- **Given entries**:
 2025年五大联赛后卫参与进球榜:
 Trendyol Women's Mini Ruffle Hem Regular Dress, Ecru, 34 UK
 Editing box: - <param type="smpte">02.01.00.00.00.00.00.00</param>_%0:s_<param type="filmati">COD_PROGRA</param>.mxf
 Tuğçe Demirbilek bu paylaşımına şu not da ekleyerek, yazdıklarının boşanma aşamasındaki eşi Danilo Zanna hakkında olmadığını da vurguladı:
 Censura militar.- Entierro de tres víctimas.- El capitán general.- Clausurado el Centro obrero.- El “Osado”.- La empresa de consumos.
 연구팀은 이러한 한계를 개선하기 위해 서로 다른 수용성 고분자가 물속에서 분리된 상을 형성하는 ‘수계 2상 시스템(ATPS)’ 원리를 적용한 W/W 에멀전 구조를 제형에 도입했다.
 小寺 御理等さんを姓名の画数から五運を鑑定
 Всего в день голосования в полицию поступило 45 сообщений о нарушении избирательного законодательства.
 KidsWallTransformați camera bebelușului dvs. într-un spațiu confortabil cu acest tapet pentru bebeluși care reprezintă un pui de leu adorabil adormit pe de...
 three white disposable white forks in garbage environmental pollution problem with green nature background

---

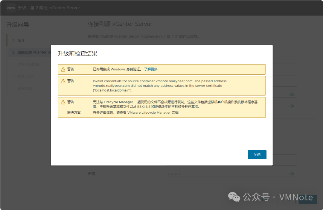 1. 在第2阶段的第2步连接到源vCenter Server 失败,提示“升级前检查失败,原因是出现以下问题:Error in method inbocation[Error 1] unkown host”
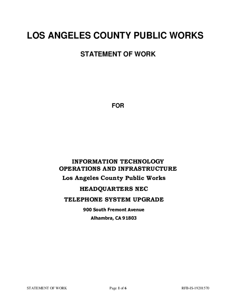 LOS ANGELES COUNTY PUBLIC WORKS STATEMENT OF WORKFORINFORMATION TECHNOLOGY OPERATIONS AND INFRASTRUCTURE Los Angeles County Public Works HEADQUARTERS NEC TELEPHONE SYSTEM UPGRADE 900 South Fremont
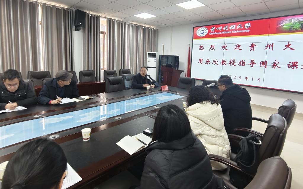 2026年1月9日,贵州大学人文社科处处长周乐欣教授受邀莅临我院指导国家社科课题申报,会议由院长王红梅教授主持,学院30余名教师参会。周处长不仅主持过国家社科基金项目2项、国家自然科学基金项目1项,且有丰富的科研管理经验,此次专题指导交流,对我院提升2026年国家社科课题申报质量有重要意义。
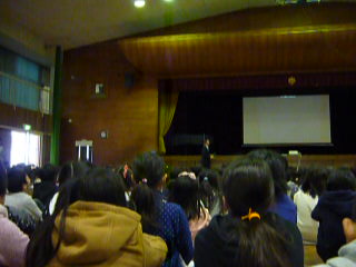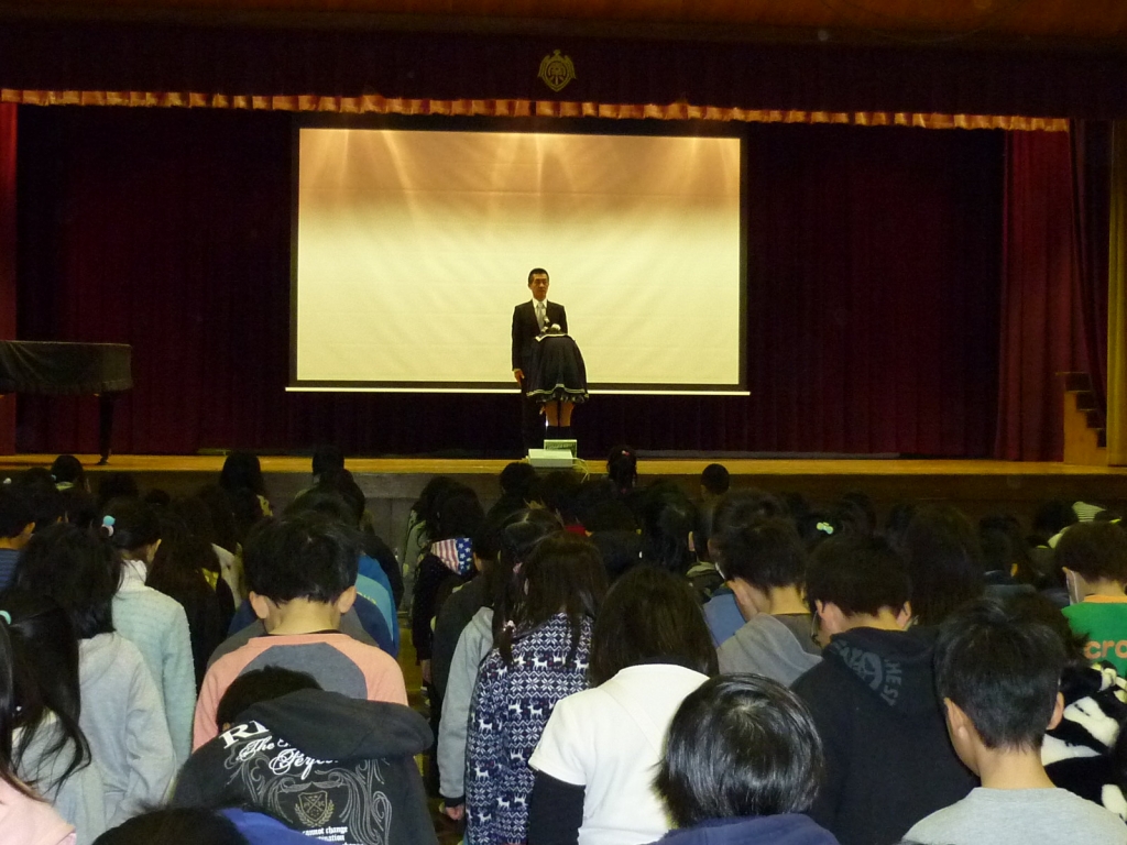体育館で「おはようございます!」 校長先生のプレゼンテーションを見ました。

---

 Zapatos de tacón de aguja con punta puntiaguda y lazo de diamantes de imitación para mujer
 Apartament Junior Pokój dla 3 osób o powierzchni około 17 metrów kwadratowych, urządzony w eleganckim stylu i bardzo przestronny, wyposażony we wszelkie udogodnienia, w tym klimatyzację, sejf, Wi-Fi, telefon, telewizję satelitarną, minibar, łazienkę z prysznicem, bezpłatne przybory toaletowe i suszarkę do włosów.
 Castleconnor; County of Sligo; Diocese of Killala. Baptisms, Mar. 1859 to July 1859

- **Requirement**:
Please copy, exactly as written, every line in the listing above from the line with "Trendyol Women's Mini" up to and including the line with "Censura militar.- Entierro".

- **Answer box**:
 Trendyol Women's Mini Ruffle Hem Regular Dress, Ecru, 34 UK
 Editing box: - <param type="smpte">02.01.00.00.00.00.00.00</param>_%0:s_<param type="filmati">COD_PROGRA</param>.mxf
 Tuğçe Demirbilek bu paylaşımına şu not da ekleyerek, yazdıklarının boşanma aşamasındaki eşi Danilo Zanna hakkında olmadığını da vurguladı:
 Censura militar.- Entierro de tres víctimas.- El capitán general.- Clausurado el Centro obrero.- El “Osado”.- La empresa de consumos.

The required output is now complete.